━━━ Data shown ━━━

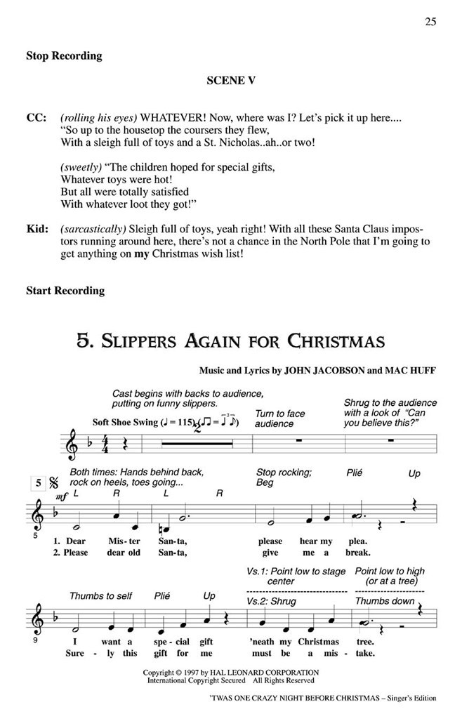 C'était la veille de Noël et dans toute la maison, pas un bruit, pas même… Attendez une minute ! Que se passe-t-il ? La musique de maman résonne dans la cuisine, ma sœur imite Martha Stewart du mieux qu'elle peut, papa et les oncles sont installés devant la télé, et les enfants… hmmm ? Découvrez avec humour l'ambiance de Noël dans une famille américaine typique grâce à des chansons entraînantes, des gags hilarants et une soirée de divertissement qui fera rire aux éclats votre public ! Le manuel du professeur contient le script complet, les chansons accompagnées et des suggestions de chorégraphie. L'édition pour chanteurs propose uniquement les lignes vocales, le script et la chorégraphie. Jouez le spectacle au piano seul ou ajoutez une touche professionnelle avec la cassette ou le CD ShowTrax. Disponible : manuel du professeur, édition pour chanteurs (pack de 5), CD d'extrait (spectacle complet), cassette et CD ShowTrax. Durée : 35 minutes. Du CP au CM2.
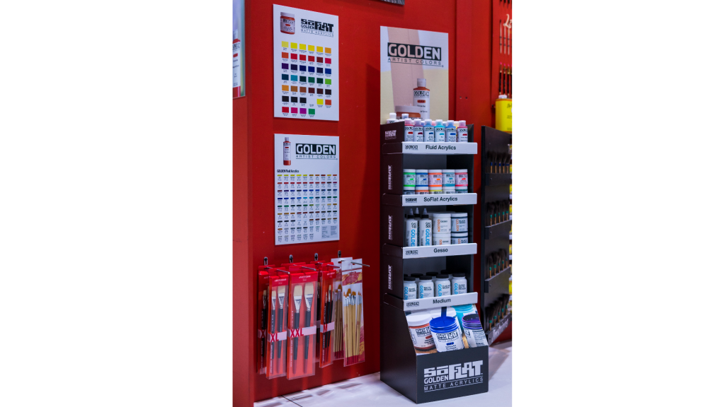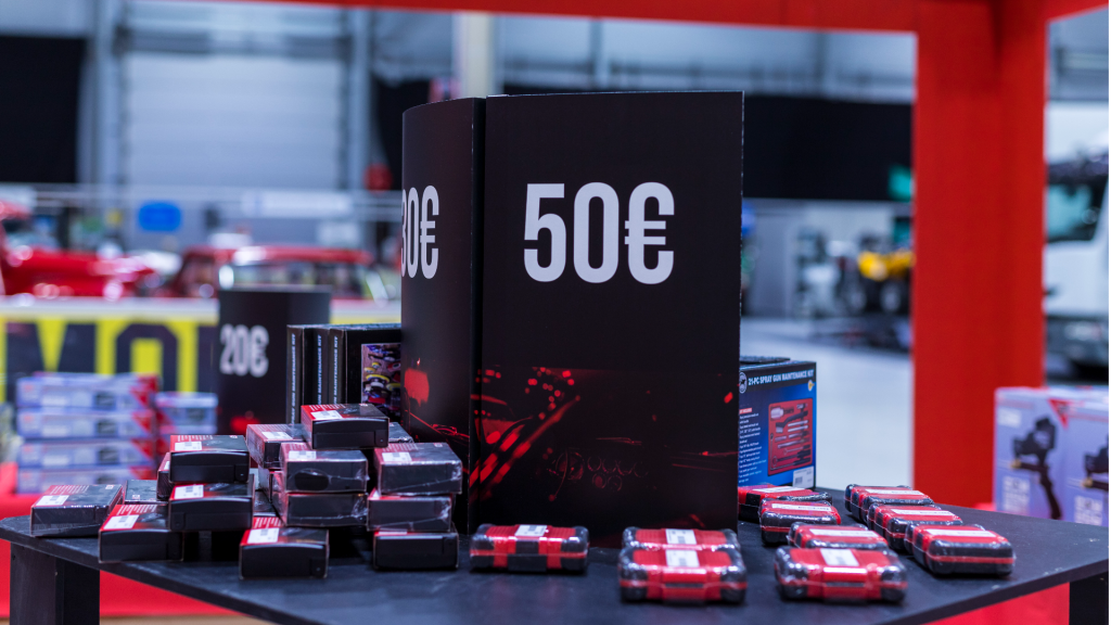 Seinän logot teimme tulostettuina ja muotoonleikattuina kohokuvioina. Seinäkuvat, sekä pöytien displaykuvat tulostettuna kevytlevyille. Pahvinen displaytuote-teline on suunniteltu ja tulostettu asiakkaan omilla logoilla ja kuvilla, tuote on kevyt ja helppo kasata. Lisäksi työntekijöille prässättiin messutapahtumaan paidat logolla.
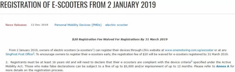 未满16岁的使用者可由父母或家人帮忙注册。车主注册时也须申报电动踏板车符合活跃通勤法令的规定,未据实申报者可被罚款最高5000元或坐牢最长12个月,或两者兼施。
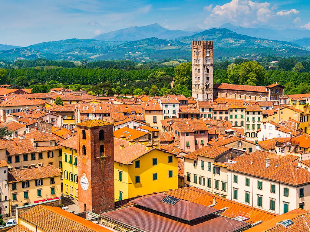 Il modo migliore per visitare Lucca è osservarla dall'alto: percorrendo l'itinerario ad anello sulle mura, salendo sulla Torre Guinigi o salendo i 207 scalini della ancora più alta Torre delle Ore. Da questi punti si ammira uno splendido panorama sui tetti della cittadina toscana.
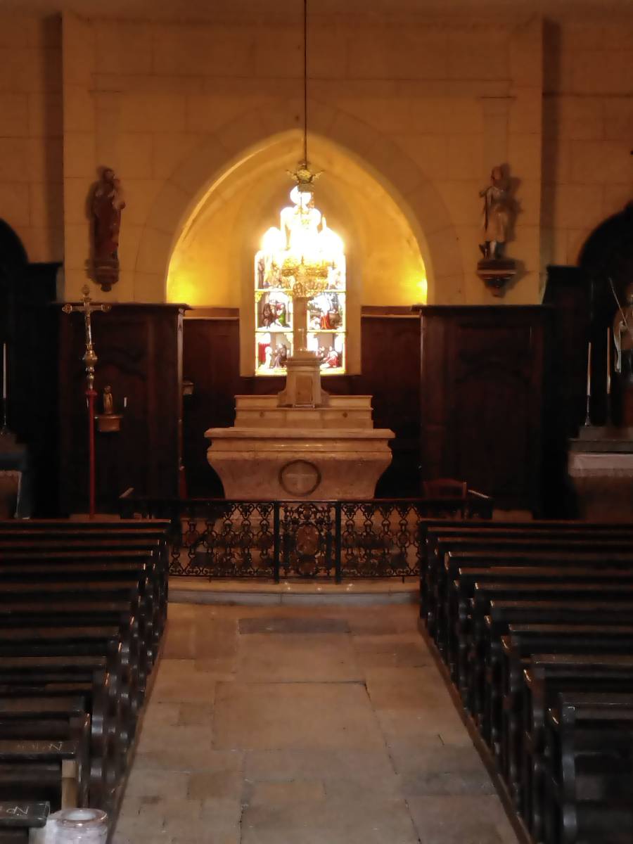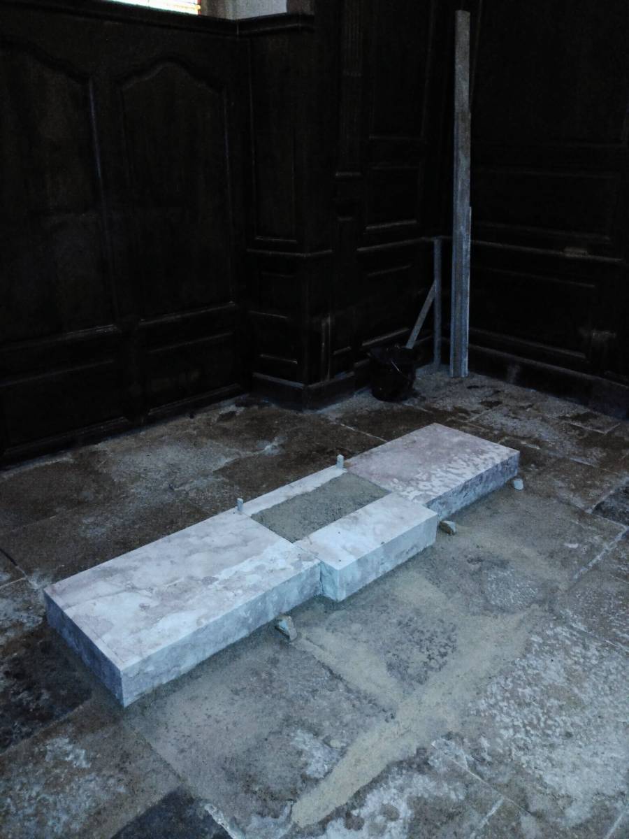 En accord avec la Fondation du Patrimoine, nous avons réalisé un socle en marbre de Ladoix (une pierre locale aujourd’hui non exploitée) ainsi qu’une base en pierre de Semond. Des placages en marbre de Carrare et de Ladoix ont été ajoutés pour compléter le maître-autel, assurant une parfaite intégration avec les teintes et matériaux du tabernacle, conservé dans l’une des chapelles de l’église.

━━━
━━━ Data shown ━━━

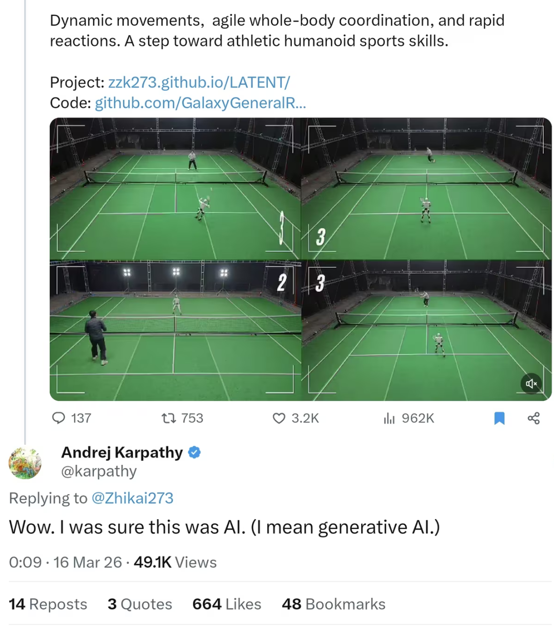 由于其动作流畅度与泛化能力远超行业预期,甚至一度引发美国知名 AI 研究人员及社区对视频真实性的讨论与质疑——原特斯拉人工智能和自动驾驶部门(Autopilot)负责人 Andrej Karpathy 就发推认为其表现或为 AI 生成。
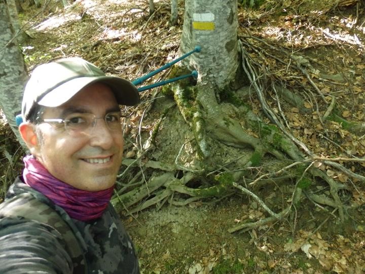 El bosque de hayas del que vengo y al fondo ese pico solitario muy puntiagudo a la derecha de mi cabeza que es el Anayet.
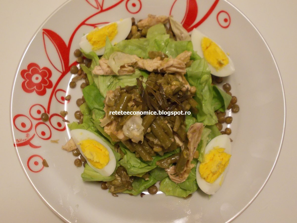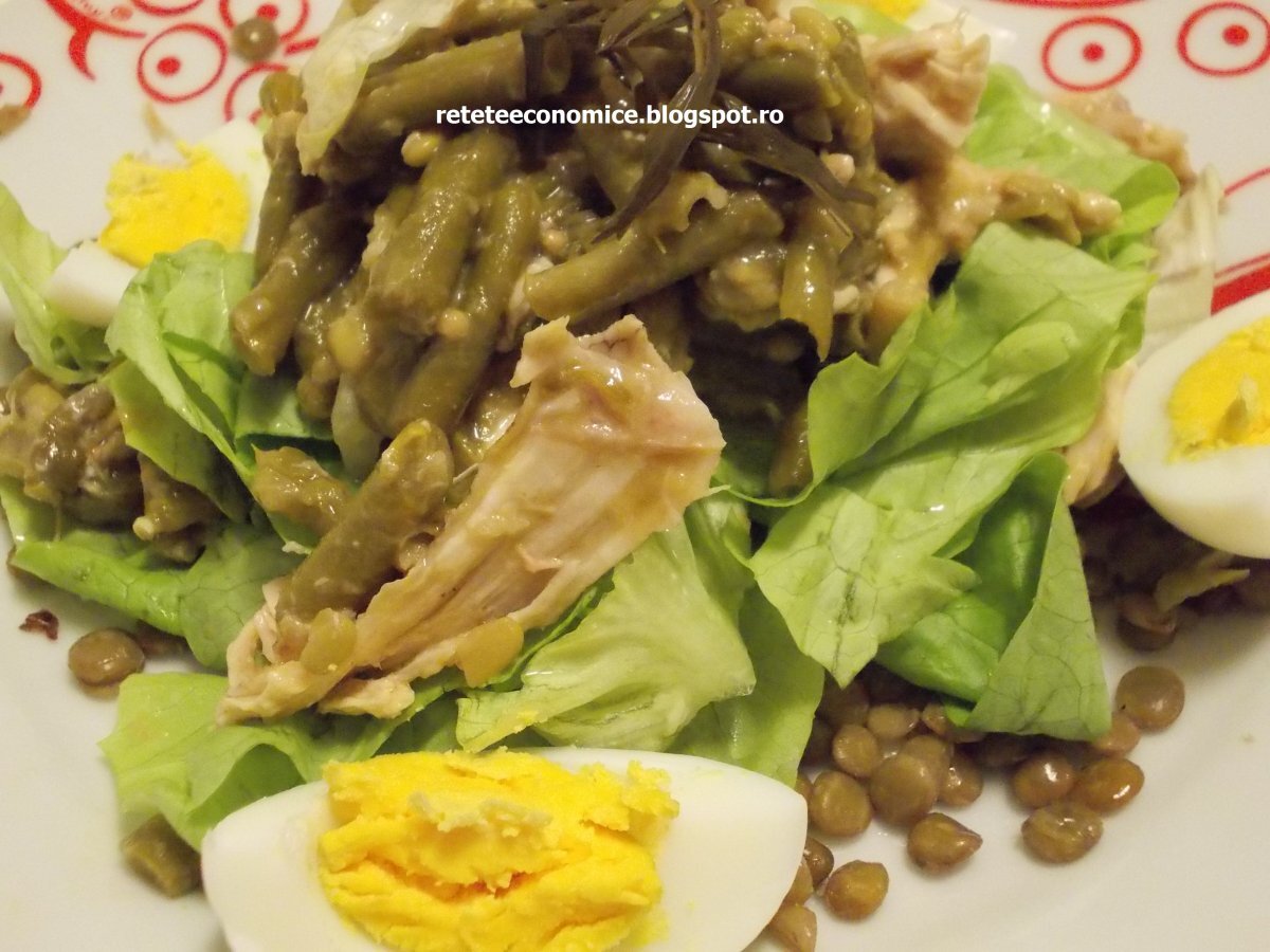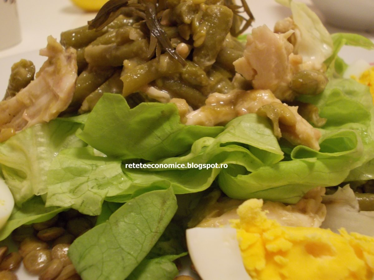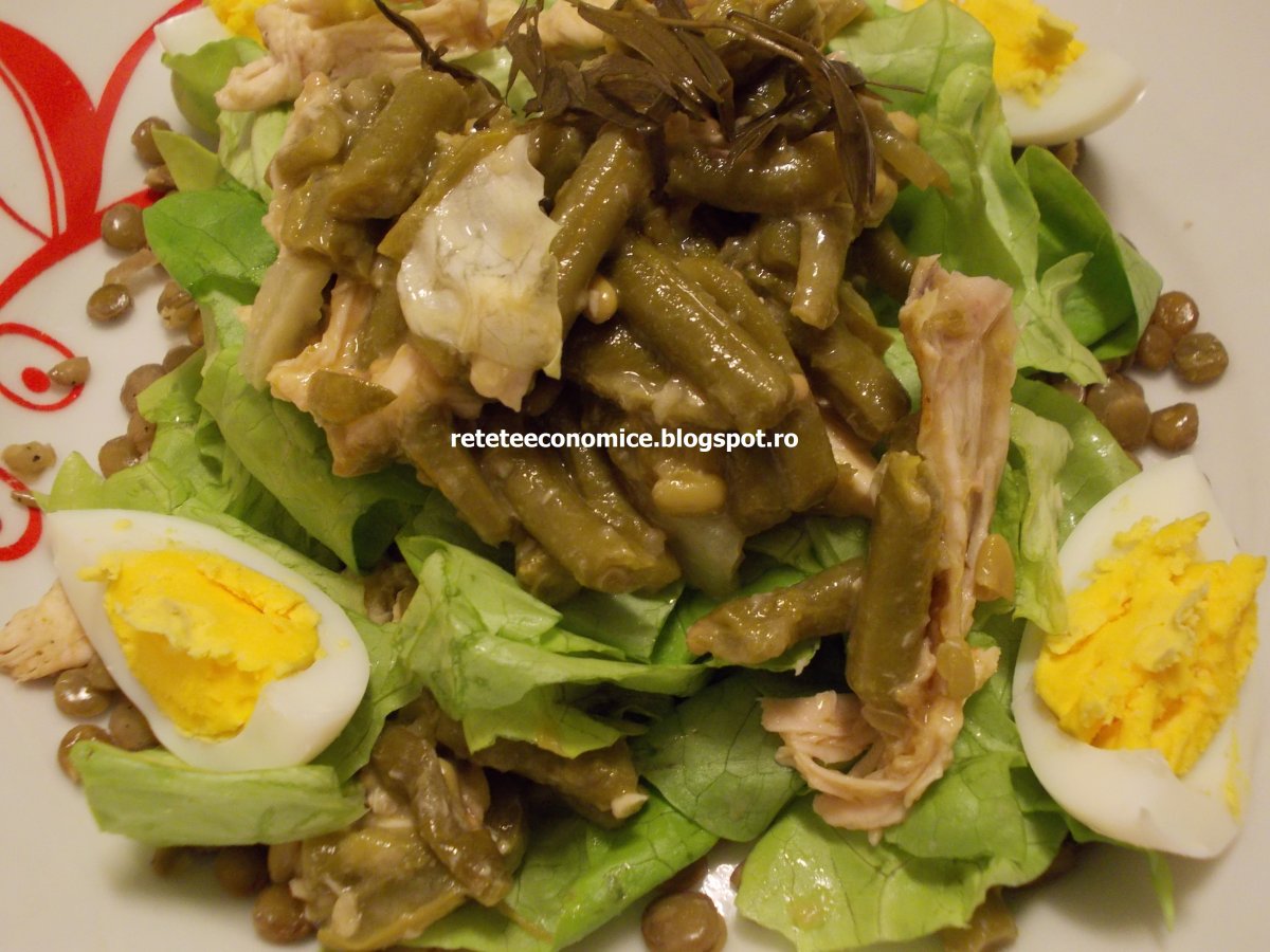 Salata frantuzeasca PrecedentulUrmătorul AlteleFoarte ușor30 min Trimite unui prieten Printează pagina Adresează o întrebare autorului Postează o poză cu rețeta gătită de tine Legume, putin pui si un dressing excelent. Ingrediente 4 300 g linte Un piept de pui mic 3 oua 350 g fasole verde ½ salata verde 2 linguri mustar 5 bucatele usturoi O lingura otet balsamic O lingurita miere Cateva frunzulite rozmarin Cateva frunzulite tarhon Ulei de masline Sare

━━━

* **What you should do**
Set the pictures aside and transcribe exactly the stretch of lines above, beginning with the one holding "C'était la veille" and ending with the one holding "Seinän logot teimme".

* **Written answer**
 C'était la veille de Noël et dans toute la maison, pas un bruit, pas même… Attendez une minute ! Que se passe-t-il ? La musique de maman résonne dans la cuisine, ma sœur imite Martha Stewart du mieux qu'elle peut, papa et les oncles sont installés devant la télé, et les enfants… hmmm ? Découvrez avec humour l'ambiance de Noël dans une famille américaine typique grâce à des chansons entraînantes, des gags hilarants et une soirée de divertissement qui fera rire aux éclats votre public ! Le manuel du professeur contient le script complet, les chansons accompagnées et des suggestions de chorégraphie. L'édition pour chanteurs propose uniquement les lignes vocales, le script et la chorégraphie. Jouez le spectacle au piano seul ou ajoutez une touche professionnelle avec la cassette ou le CD ShowTrax. Disponible : manuel du professeur, édition pour chanteurs (pack de 5), CD d'extrait (spectacle complet), cassette et CD ShowTrax. Durée : 35 minutes. Du CP au CM2.
 Seinän logot teimme tulostettuina ja muotoonleikattuina kohokuvioina. Seinäkuvat, sekä pöytien displaykuvat tulostettuna kevytlevyille. Pahvinen displaytuote-teline on suunniteltu ja tulostettu asiakkaan omilla logoilla ja kuvilla, tuote on kevyt ja helppo kasata. Lisäksi työntekijöille prässättiin messutapahtumaan paidat logolla.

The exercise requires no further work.